* [EXERCISE GOAL] What are the lines, word for word, from the line with "80VPS是成立超过十年的国" up to and including the line with "Pravina 45cm Matte" in the records below? Omit the pictures.

* [DATASET RECORDS]
++++

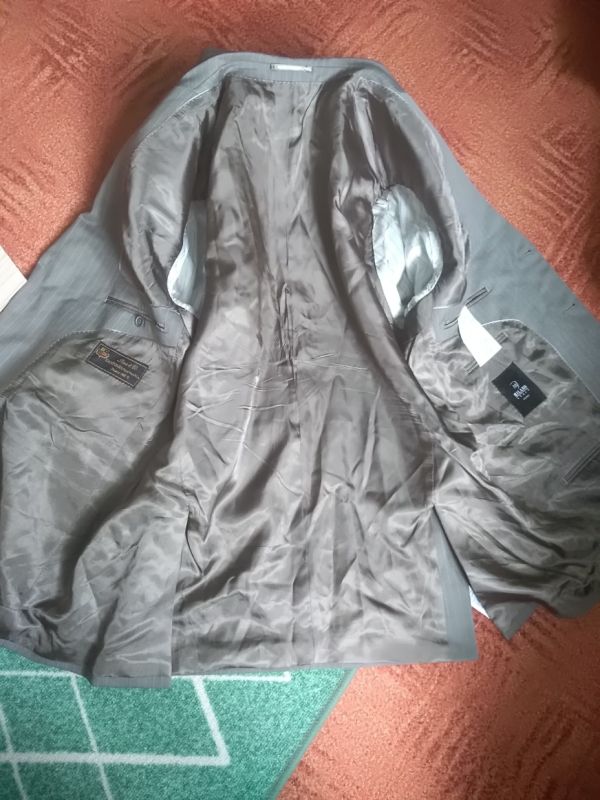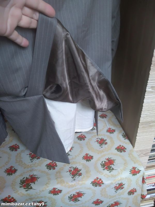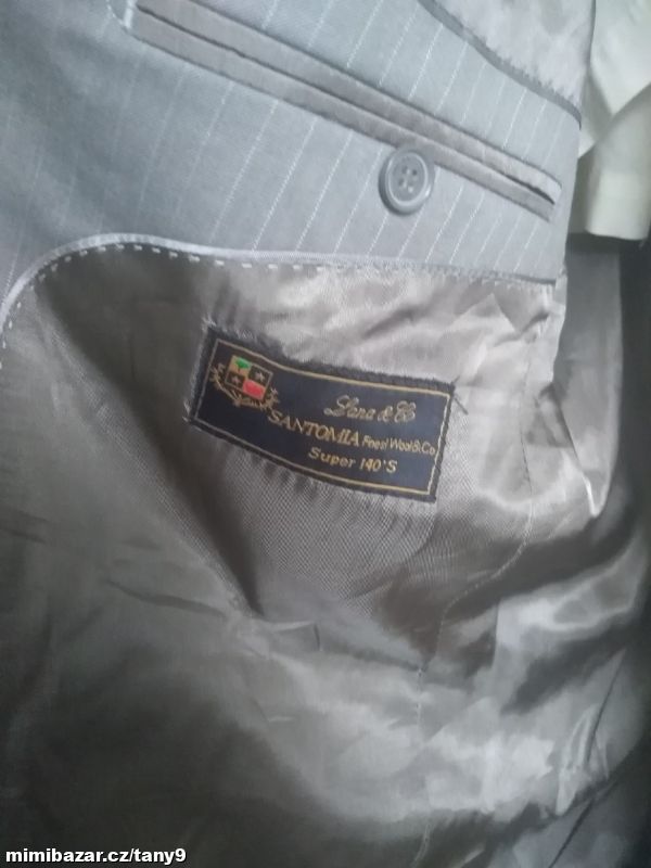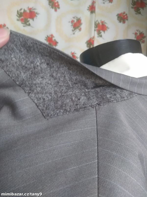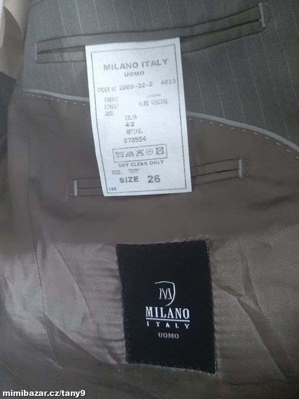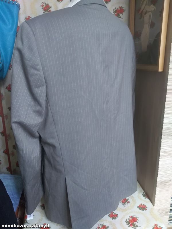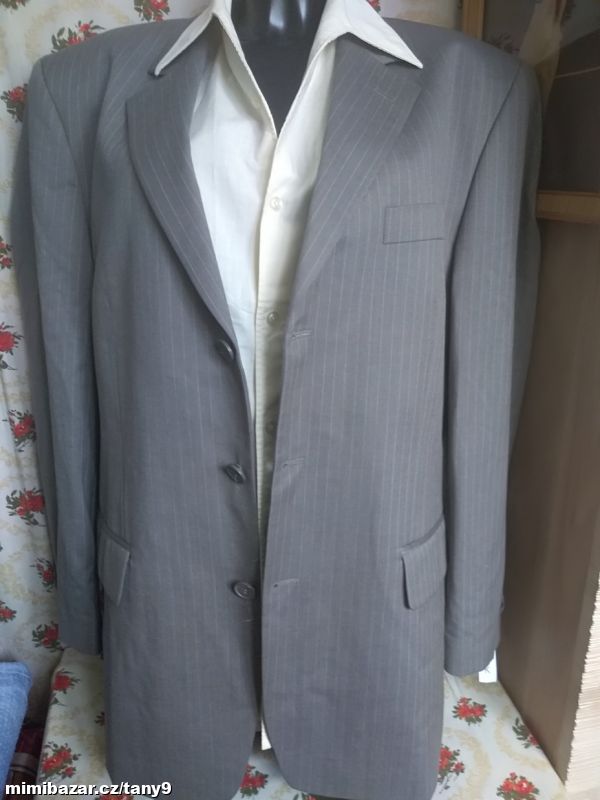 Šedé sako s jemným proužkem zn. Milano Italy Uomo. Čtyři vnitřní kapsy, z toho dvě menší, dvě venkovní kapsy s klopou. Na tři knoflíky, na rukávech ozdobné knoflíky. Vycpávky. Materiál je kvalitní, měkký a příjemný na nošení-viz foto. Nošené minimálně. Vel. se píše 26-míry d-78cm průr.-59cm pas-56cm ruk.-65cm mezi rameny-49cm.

++++

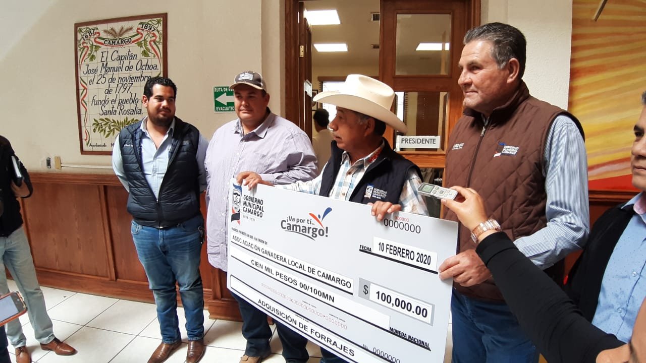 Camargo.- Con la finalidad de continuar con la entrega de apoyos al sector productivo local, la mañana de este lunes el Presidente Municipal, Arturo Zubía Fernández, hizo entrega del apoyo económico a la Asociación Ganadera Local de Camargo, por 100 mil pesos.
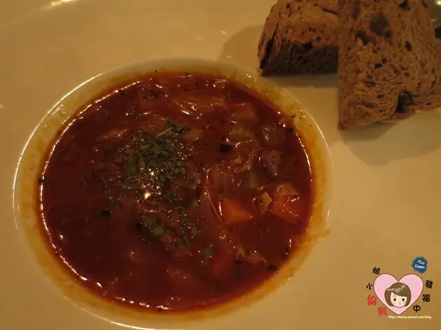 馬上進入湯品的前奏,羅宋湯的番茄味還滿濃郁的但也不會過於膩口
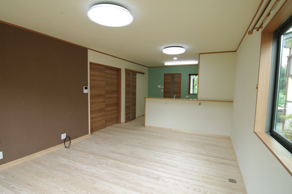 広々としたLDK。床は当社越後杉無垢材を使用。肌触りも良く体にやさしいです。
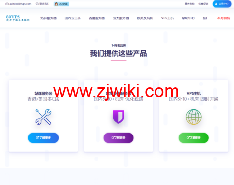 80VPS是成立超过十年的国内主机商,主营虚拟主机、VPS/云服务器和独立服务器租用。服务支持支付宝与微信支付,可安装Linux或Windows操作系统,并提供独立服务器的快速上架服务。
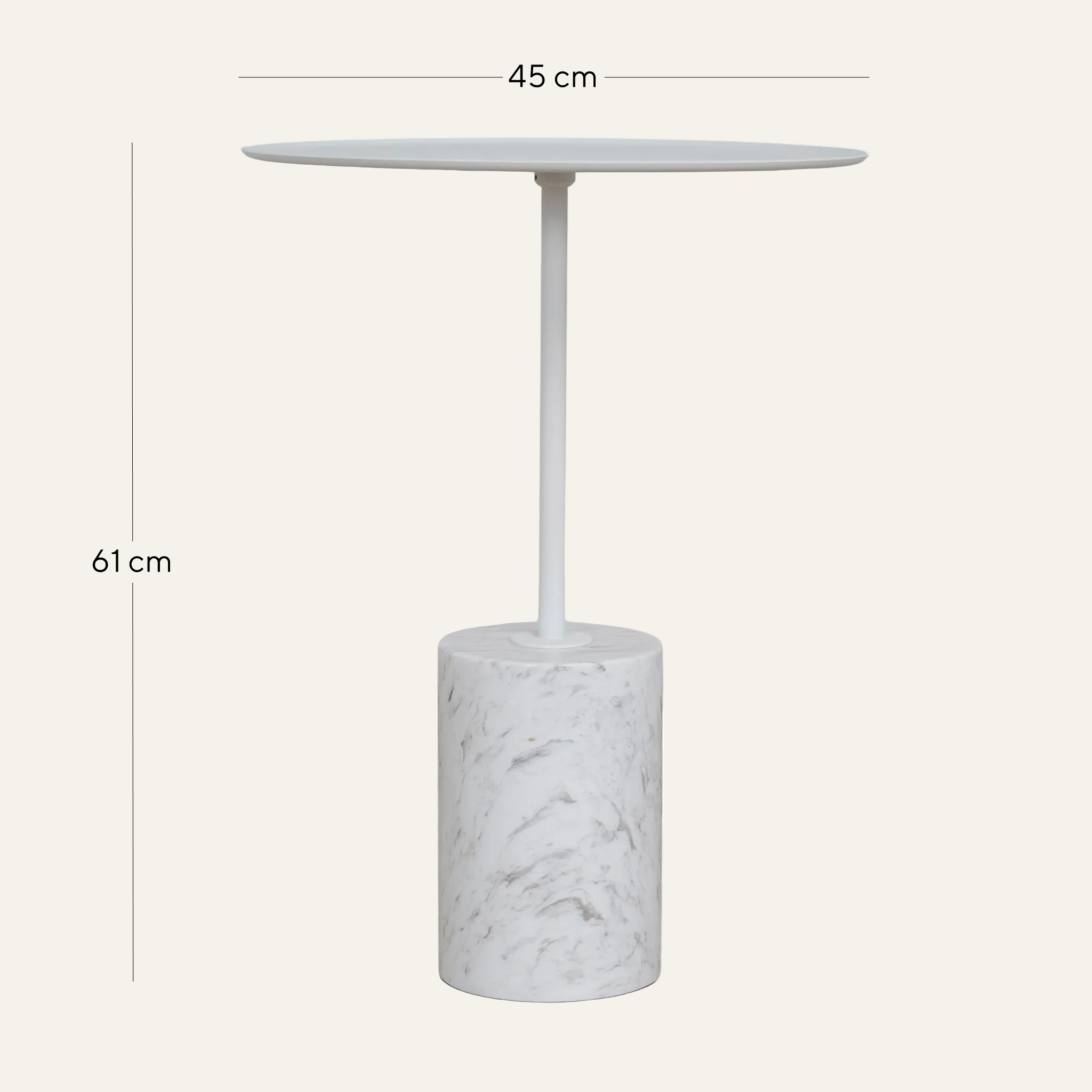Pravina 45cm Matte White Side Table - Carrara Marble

++++

* [SOLUTION]
 80VPS是成立超过十年的国内主机商,主营虚拟主机、VPS/云服务器和独立服务器租用。服务支持支付宝与微信支付,可安装Linux或Windows操作系统,并提供独立服务器的快速上架服务。
Pravina 45cm Matte White Side Table - Carrara Marble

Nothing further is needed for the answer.